[v4 PATCH] arm64: mm: force write fault for atomic RMW instructions
David Hildenbrand
david at redhat.com
Thu Jun 6 01:49:45 PDT 2024
On 05.06.24 22:37, Yang Shi wrote:
> The atomic RMW instructions, for example, ldadd, actually does load +
> add + store in one instruction, it will trigger two page faults per the
> ARM64 architecture spec, the first fault is a read fault, the second
> fault is a write fault.
>
> Some applications use atomic RMW instructions to populate memory, for
> example, openjdk uses atomic-add-0 to do pretouch (populate heap memory
> at launch time) between v18 and v22 in order to permit use of memory
> concurrently with pretouch.
>
> But the double page fault has some problems:
>
> 1. Noticeable TLB overhead.
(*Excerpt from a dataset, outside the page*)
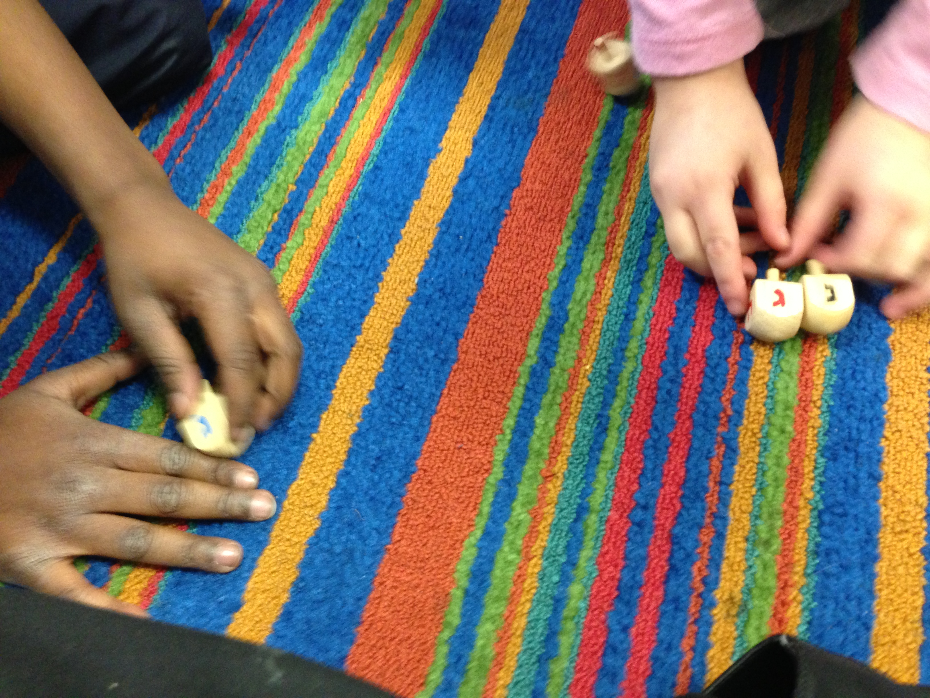After finishing these lessons, I am excited the activities went very well. Students didn’t have a lot of background knowledge about Hanukkah or Kwanzaa. They were curious, interested, and tried hard reading the difficult words in the mini books. While reading, we compared and contrasted details between the holidays. They asked about certain vocabulary words, and it was eye-opening that I had to explain who African Americans are to help them understand who celebrates Kwanzaa. We also discussed how Kwanzaa was different than the other holidays since it isn’t a religious holiday and was created in 1966. I asked the students if it was an old or new holiday, and they said old; I had to give them context to compare 47 years versus 2000 with Christmas so they understood it’s fairly new! Students loved playing the game of dreidel; I explained the rules and let them spin for fun. Students wanted to know what letter they landed on and what it meant; there were cheers when they landed on Gimmel!

The kernel actually installs zero page with
> readonly PTE for the read fault. The write fault will trigger a
> write-protection fault (CoW). The CoW will allocate a new page and
> make the PTE point to the new page, this needs TLB invalidations. The
> tlb invalidation and the mandatory memory barriers may incur
> significant overhead, particularly on the machines with many cores.
>
> 2. Break up huge pages. If THP is on the read fault will install huge
> zero pages. The later CoW will break up the huge page and allocate
> base pages instead of huge page. The applications have to rely on
> khugepaged (kernel thread) to collapse huge pages asynchronously.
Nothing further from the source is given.